Streptococcal Toxic Shock Syndrome
While the vast majority of the episodes of Familial Shar-Pei Fever (FSF) seen in Shar-Pei run a fairly benign course there are occasional exceptions which can have live-threatening consequences. Over the last few years Streptococcal Toxic Shock Syndrome (STSS) has been seen more frequently as a complication of FSF in the Chinese Shar-Pei. STSS involves infection with a group G streptococcus called Streptococcus canis. In the Shar-Pei cases I've seen this streptococcal infection is a rapidly progressing, highly invasive process which results in a necrotizing faciitis and/or STSS leading to a shock-like syndrome and multiorgan failure.

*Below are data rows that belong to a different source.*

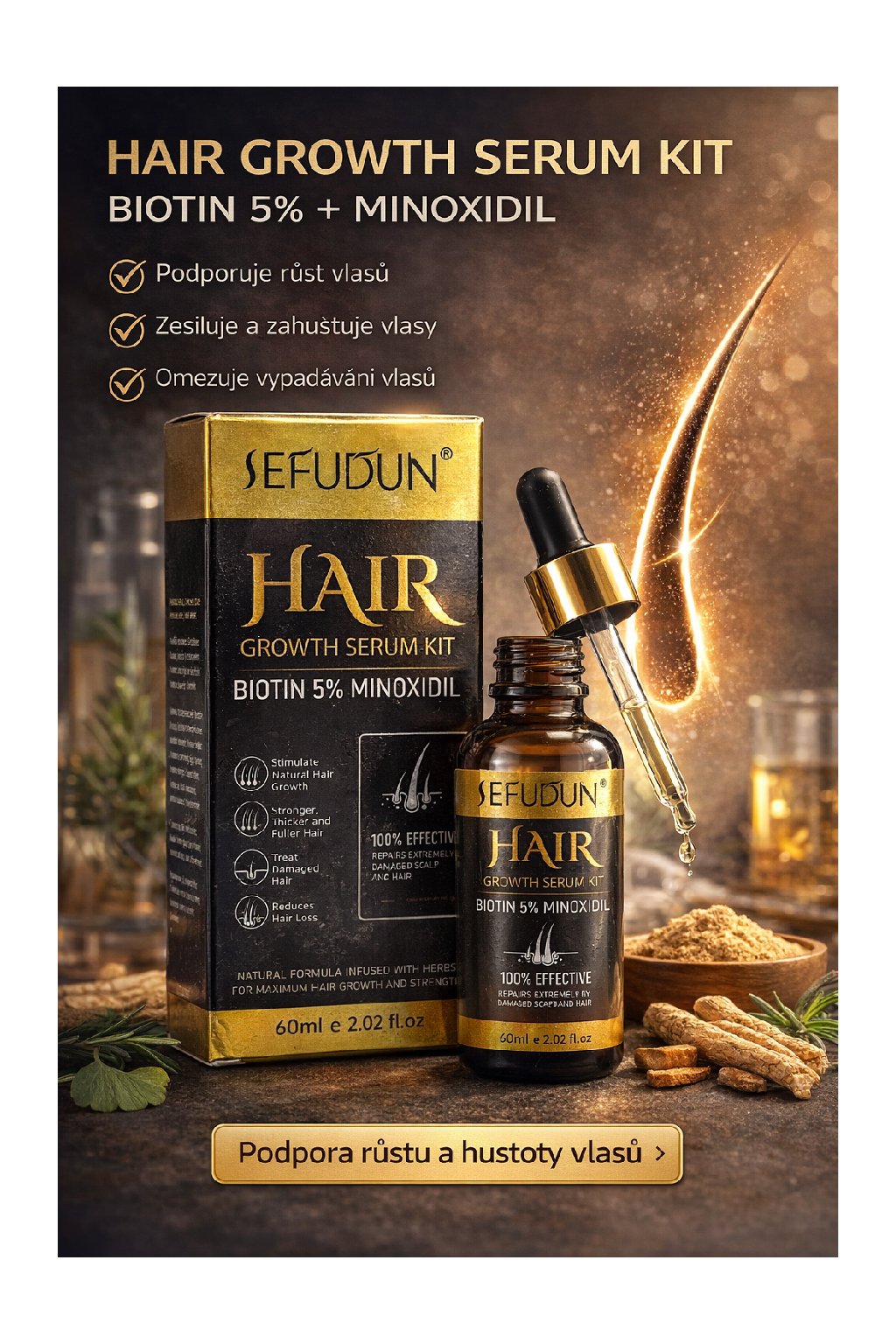 SEFUJUN Hair – sérum pro podporu růstu vlasů s biotinem a minoxidilem (60 ml)
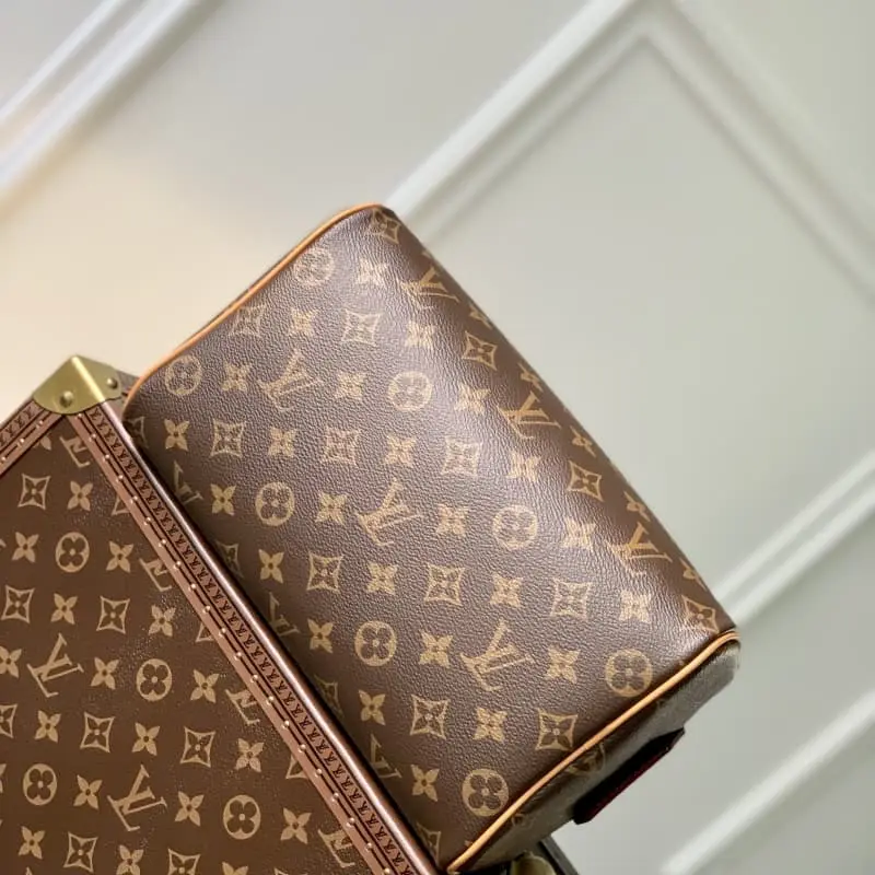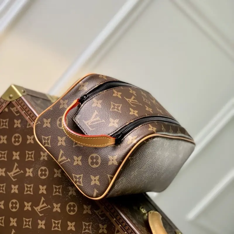 M46696 The Dopp Bag toiletry bag is made of Monogram Makassar coated canvas with cowhide trim and washable textile fabric. Hints of orange leather especially the handles bring a touch of modernity. The sturdy double zip opening and the handles can be used to hang on bathroom hooks making it practical. 28x15x16.5 cm (LxHxW)
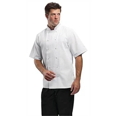 UNISEX FIT & STYLISH LOOK: The unisex design & classic white colourway offer a smart, professional look for any kitchen DOUBLE-BREASTED DESIGN: For extra protection against scalds & burns, plus the ability to reverse to hide stains COMFORTABLE SHORT SLEEVES: Keep staff cool in sweltering heats by offering excellent air circulation DURABLE 190g/m² POLYCOTTON MATERIAL: Making the jacket strong & long lasting, plus simple to care for & machine washable STAINLESS STEEL PRESS STUDS: Provide a secure & reliable fitting SUITABLE FOR COMMERCIAL LAUNDERING: For easy cleaning & keeping in perfect condition
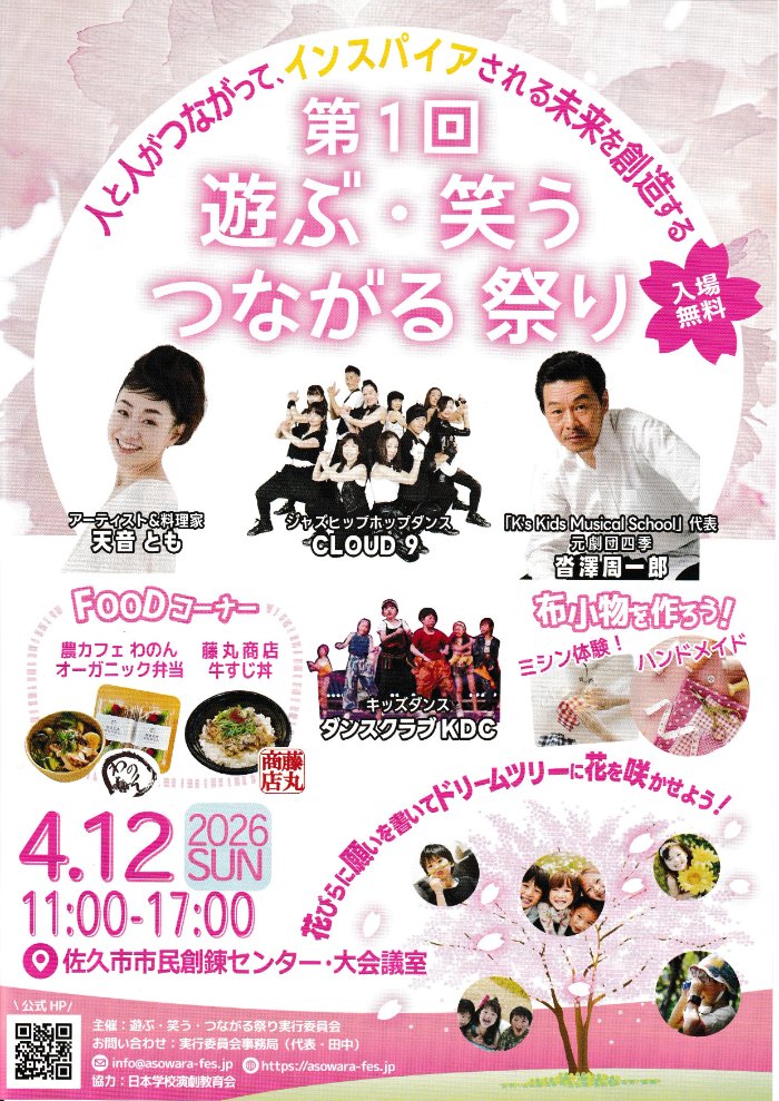 お問い合わせ先 遊ぶ・笑う・つながる祭り実行委員会 担当:田中

If not recognized early STSS can lead to death in 24 hours or less. A similar syndrome has been seen in human medicine, the so-called "flesh-eating bacteria".
I consider this a localized form of streptococcal infection. Dogs with NF tend to develop extensive soft tissue sloughing along facial planes. Fascia is dense connective tissue which covers the muscles. Usually this syndrome presents as large areas of skin and the underlying fatty tissue dying and peeling away, hence it has been called "flesh eating bacteria". Many of these dogs will survive with debridement or clearing away of the dead tissue, but healing is prolonged and skin grafts are often necessary. Long-term management is intense with frequent bandage changes, cleaning of the wounds, antibiotic therapy and the need for multiple anesthetic procedures to repair and reconstruct the damaged areas. The areas I've seen involved are often the hock joints, the flanks and the abdominal skin.
Streptococcal Toxic Shock Syndrome
STSS seems to be a generalized or systemic form of streptococcal infection. Streptococcus canis in a potent exotoxin producer and it is thought that in cases of STSS the toxin may be responsible for the rapid progression of sepsis, shock and multiorgan failure (MODS). On necropsy these dogs show severe edema of the gastrointestinal tract, congestion of multiple organs, severe pulmonary (lung) congestion and evidence of thromboembolism (blood clots) all pointing to shock due to sepsis or toxemia. These dogs typically die within 24-48 hours in spite of aggressive fluid therapy, antibiotic treatment and intensive supportive care.